* _WHAT YOU SHOULD DO_
From the data that follows, set down exactly the lines from the one with "This medium sized" through the one with "We have simplified", counting both. Pictures stay out.

* _SUPPLIED DATA_
------------------------------------------------------------------------

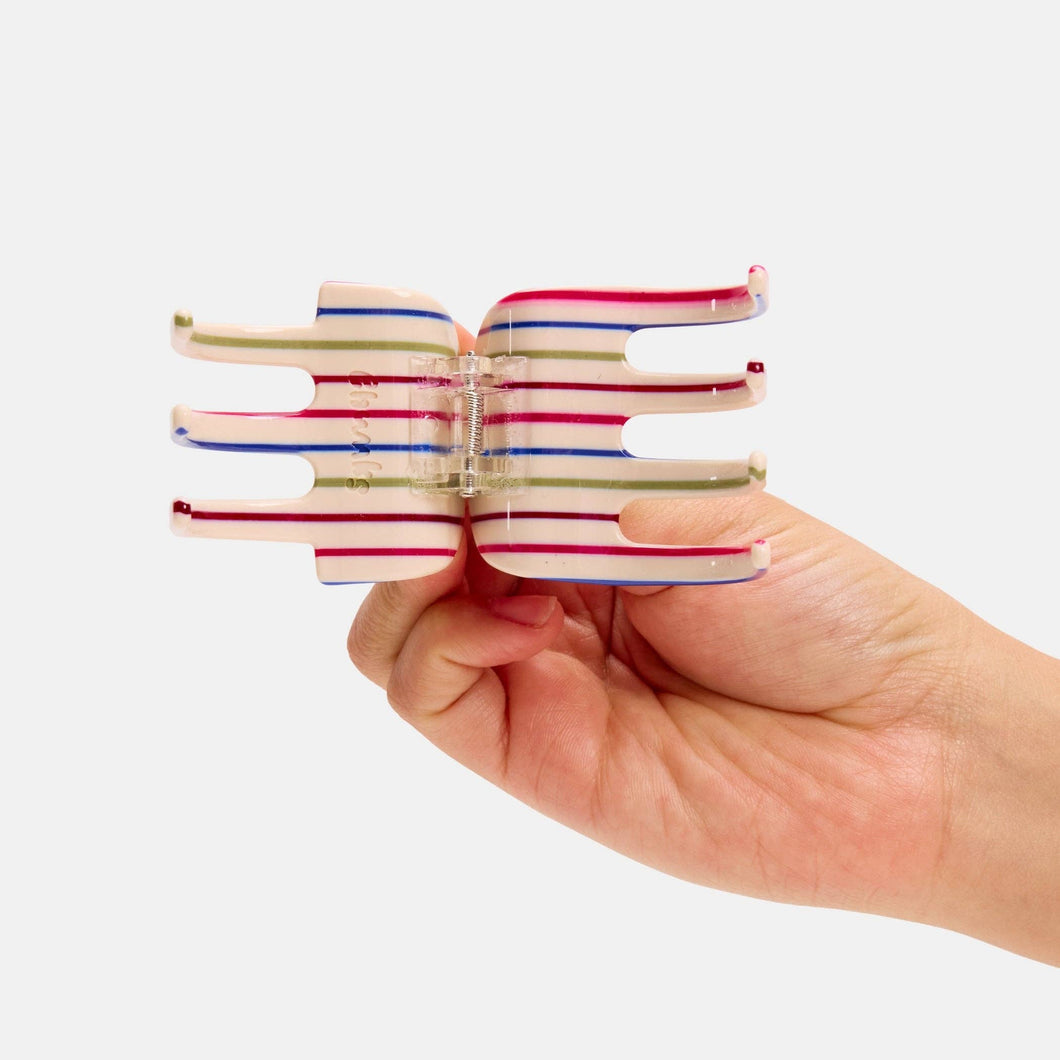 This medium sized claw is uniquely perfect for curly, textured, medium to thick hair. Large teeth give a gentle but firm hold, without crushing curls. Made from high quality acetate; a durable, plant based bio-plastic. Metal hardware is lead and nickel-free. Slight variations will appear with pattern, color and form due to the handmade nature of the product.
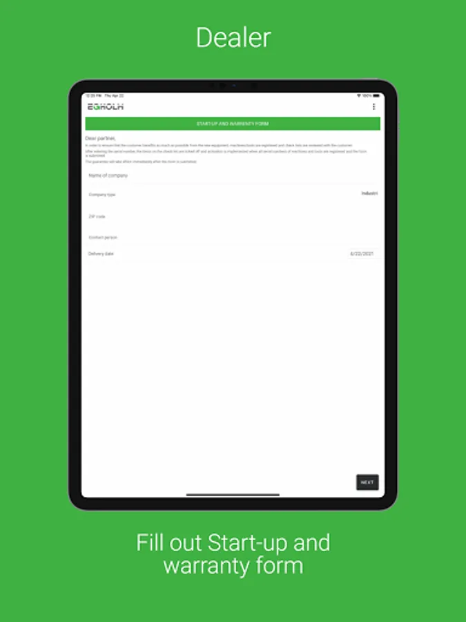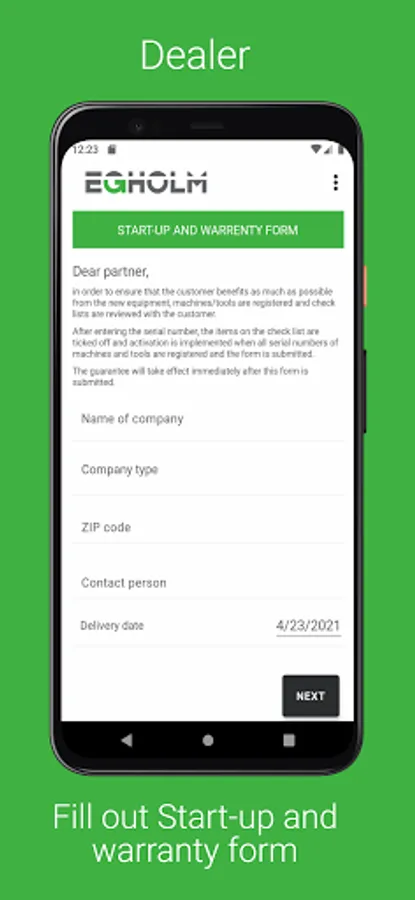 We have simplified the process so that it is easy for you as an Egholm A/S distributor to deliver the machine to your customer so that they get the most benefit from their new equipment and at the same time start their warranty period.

------------------------------------------------------------------------

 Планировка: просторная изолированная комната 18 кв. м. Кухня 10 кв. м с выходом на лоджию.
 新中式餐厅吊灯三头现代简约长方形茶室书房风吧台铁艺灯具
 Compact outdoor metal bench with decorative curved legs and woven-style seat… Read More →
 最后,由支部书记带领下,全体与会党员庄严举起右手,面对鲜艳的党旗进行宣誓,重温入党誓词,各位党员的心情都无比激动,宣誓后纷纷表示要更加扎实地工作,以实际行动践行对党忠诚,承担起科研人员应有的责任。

------------------------------------------------------------------------

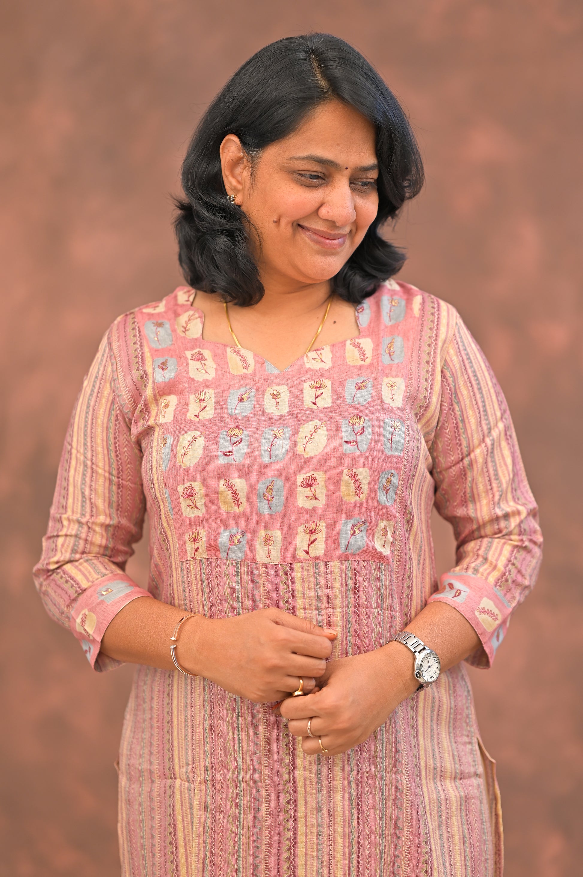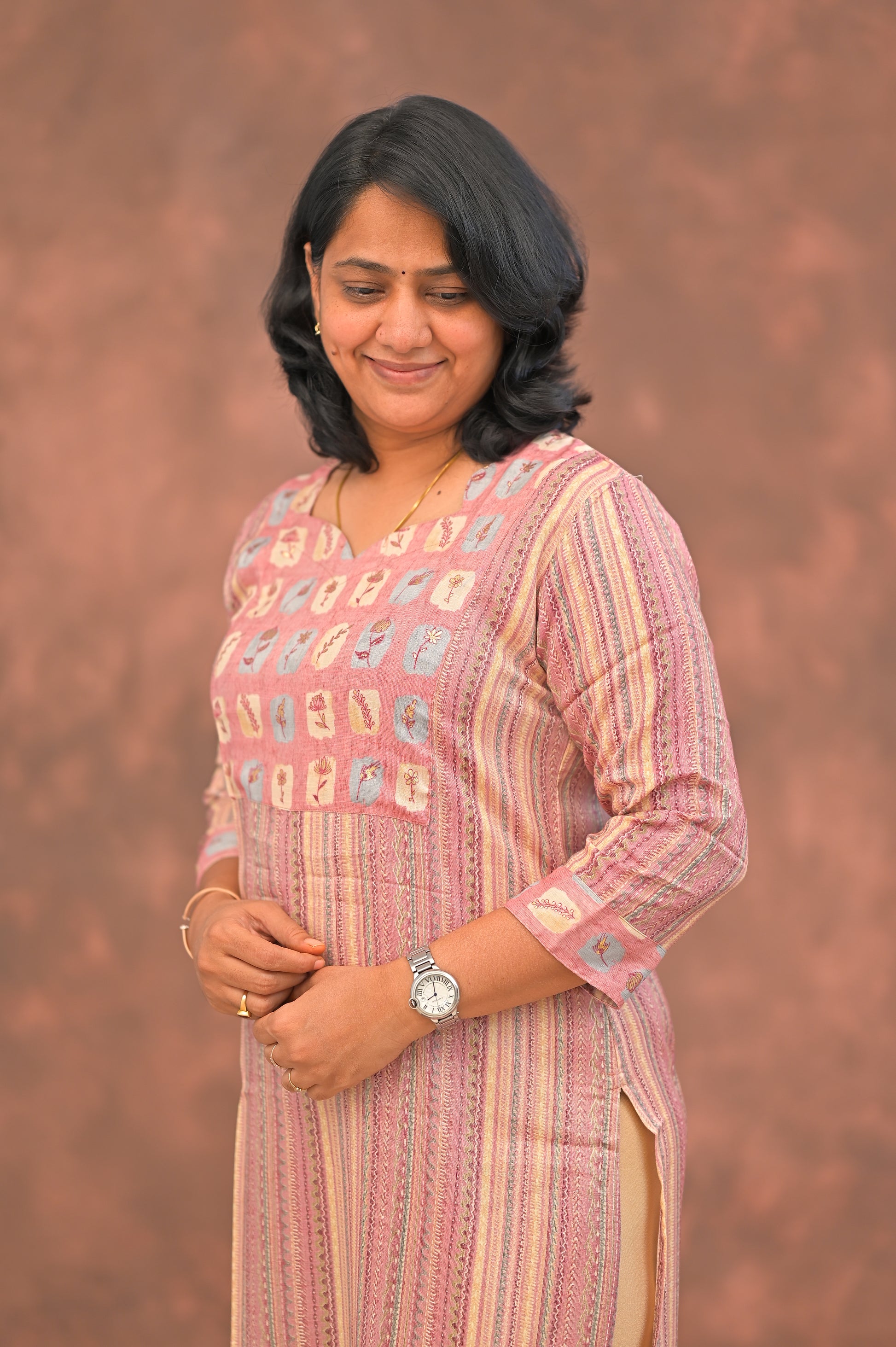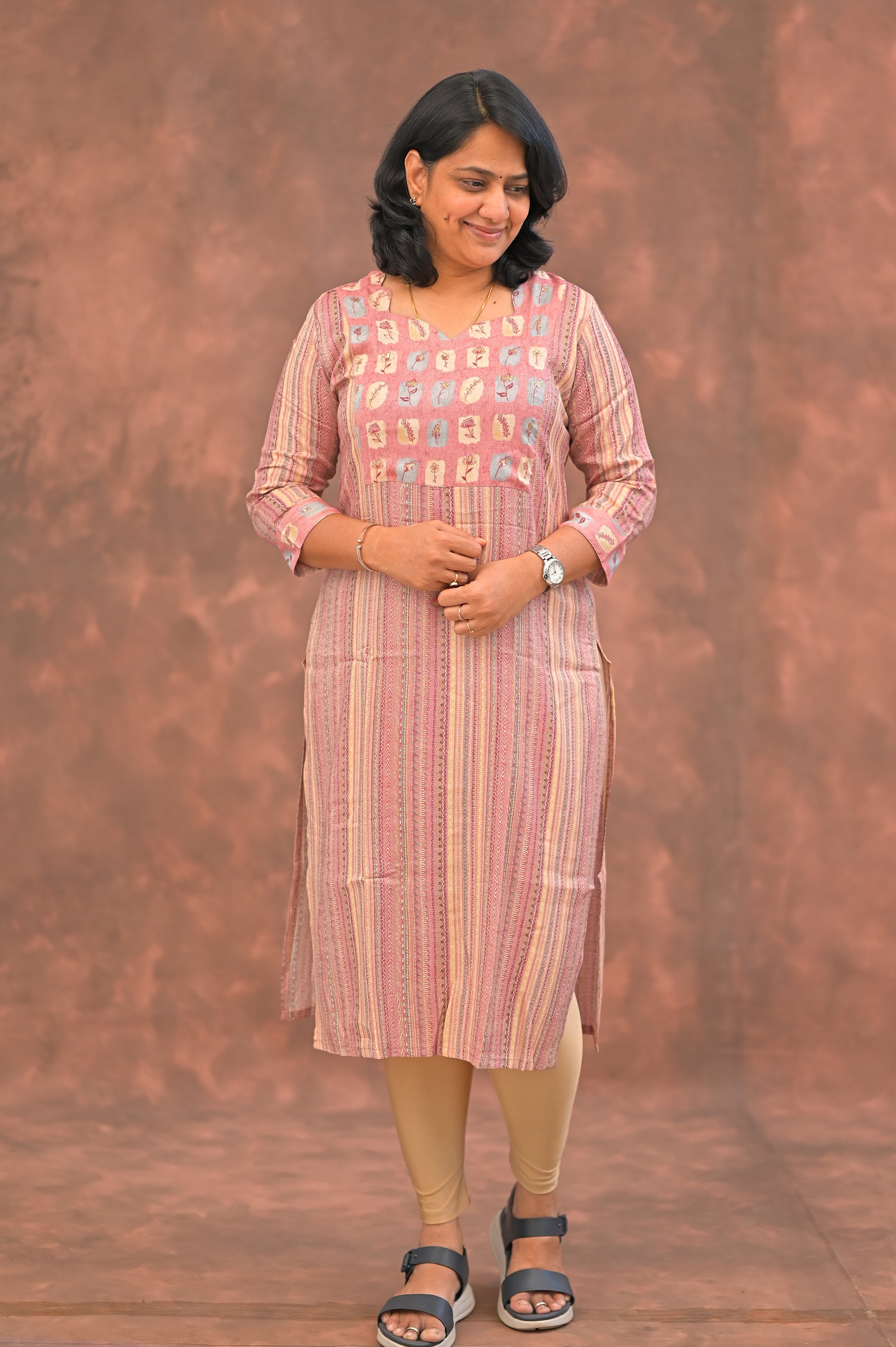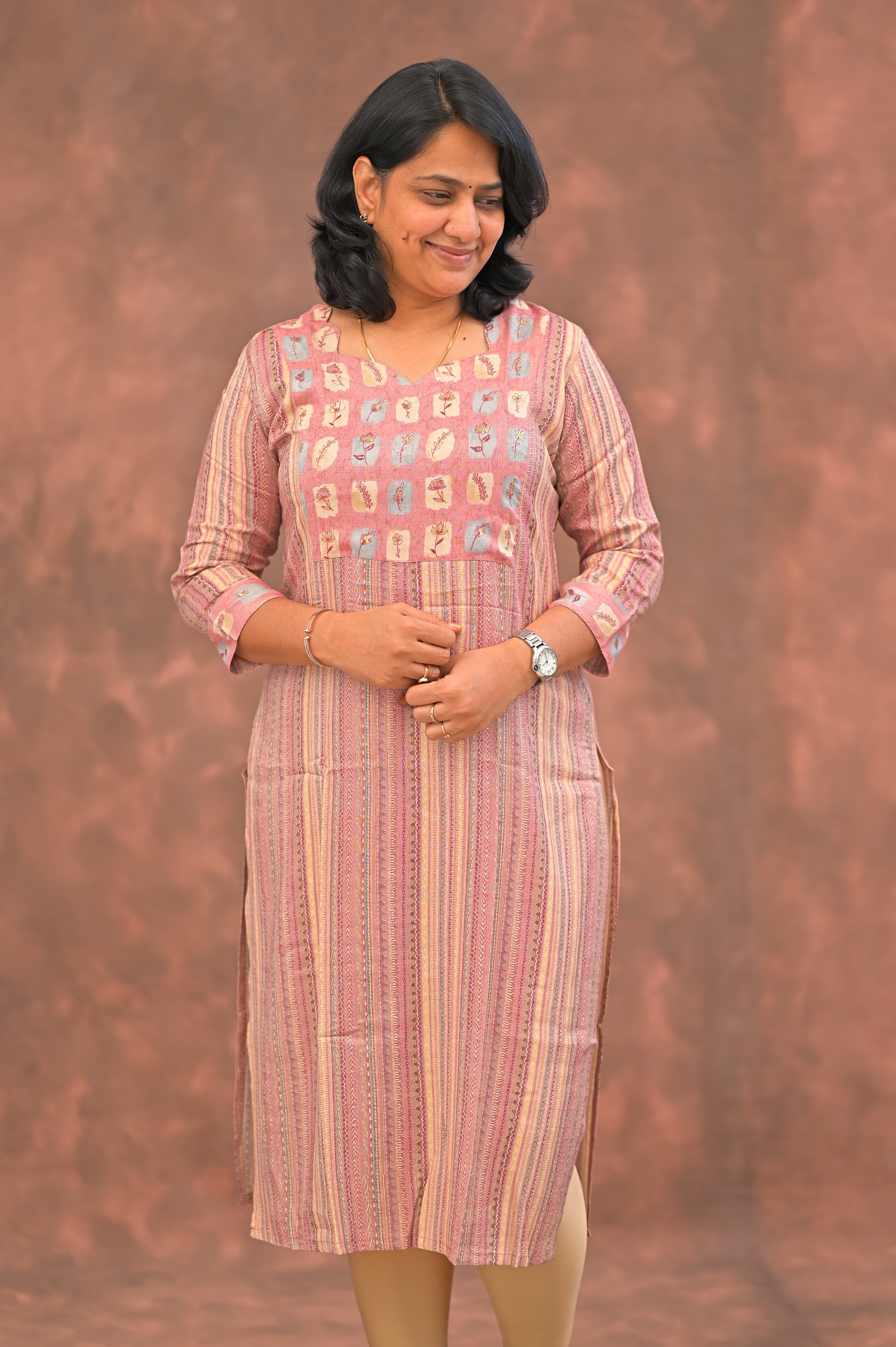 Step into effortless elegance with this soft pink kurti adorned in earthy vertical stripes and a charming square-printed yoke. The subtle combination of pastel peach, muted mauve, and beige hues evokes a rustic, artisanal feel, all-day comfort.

------------------------------------------------------------------------

* _EXERCISE RESPONSE_
 This medium sized claw is uniquely perfect for curly, textured, medium to thick hair. Large teeth give a gentle but firm hold, without crushing curls. Made from high quality acetate; a durable, plant based bio-plastic. Metal hardware is lead and nickel-free. Slight variations will appear with pattern, color and form due to the handmade nature of the product.
 We have simplified the process so that it is easy for you as an Egholm A/S distributor to deliver the machine to your customer so that they get the most benefit from their new equipment and at the same time start their warranty period.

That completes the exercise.